■ **Task to carry out**
Using the records below, quote only the span that opens with the line containing "Stylish Oakley sunglasses." and closes with the line containing "Zdjęcia, Jezioro, Drzewa, Odbicie", exactly and inclusively.

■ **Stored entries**

....

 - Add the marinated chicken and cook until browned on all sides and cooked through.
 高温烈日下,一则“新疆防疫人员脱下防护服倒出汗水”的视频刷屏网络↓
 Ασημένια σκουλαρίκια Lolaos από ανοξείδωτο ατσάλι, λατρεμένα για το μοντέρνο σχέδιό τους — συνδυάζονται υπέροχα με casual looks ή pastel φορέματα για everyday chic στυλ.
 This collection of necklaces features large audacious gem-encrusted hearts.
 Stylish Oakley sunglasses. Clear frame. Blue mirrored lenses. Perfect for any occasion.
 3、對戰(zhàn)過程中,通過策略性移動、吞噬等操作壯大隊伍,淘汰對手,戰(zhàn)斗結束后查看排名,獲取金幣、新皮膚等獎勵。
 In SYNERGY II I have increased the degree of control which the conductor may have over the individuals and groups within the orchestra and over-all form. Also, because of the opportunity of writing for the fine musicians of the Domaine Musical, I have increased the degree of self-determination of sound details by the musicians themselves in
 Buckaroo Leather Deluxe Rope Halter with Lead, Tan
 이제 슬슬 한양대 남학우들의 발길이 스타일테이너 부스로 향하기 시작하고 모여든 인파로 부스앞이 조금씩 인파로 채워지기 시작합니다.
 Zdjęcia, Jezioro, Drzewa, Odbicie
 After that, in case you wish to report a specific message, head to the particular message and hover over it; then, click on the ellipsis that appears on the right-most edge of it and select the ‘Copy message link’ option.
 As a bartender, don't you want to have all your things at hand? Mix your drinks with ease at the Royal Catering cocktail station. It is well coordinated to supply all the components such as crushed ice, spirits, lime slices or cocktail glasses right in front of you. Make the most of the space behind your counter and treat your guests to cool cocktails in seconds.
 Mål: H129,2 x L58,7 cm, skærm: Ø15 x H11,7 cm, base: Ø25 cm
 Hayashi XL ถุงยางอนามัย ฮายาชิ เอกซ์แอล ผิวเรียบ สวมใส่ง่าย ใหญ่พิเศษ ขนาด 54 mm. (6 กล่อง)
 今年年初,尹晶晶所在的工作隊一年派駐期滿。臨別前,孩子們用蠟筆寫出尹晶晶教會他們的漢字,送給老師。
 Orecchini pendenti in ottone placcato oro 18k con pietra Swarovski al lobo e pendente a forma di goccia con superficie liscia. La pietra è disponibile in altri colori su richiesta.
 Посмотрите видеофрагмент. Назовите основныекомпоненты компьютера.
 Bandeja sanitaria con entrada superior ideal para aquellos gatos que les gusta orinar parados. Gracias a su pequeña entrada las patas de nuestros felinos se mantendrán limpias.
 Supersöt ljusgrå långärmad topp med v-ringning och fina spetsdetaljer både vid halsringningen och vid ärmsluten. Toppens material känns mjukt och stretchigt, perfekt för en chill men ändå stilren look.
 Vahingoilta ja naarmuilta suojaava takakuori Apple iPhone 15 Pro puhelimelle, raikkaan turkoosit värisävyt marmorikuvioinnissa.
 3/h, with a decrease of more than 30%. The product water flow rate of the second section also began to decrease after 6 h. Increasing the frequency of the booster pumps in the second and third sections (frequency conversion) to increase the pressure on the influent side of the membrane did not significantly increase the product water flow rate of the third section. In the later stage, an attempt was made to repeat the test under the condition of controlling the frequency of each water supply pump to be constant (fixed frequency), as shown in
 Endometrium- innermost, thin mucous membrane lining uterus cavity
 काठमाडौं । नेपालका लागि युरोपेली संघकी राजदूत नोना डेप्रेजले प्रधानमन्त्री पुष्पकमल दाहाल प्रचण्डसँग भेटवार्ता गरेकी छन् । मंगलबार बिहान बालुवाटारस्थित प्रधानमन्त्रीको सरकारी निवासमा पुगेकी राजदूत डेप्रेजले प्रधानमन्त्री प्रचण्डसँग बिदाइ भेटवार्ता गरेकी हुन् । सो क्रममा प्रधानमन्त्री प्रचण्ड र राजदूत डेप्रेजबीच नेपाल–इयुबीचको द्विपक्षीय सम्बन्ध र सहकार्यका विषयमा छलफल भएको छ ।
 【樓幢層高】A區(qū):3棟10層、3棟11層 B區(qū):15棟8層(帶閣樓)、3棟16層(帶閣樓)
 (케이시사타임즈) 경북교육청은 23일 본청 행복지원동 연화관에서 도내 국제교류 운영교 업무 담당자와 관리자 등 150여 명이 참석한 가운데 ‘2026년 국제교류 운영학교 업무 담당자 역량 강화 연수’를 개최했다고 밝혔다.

....

■ **Result**
 Stylish Oakley sunglasses. Clear frame. Blue mirrored lenses. Perfect for any occasion.
 3、對戰(zhàn)過程中,通過策略性移動、吞噬等操作壯大隊伍,淘汰對手,戰(zhàn)斗結束后查看排名,獲取金幣、新皮膚等獎勵。
 In SYNERGY II I have increased the degree of control which the conductor may have over the individuals and groups within the orchestra and over-all form. Also, because of the opportunity of writing for the fine musicians of the Domaine Musical, I have increased the degree of self-determination of sound details by the musicians themselves in
 Buckaroo Leather Deluxe Rope Halter with Lead, Tan
 이제 슬슬 한양대 남학우들의 발길이 스타일테이너 부스로 향하기 시작하고 모여든 인파로 부스앞이 조금씩 인파로 채워지기 시작합니다.
 Zdjęcia, Jezioro, Drzewa, Odbicie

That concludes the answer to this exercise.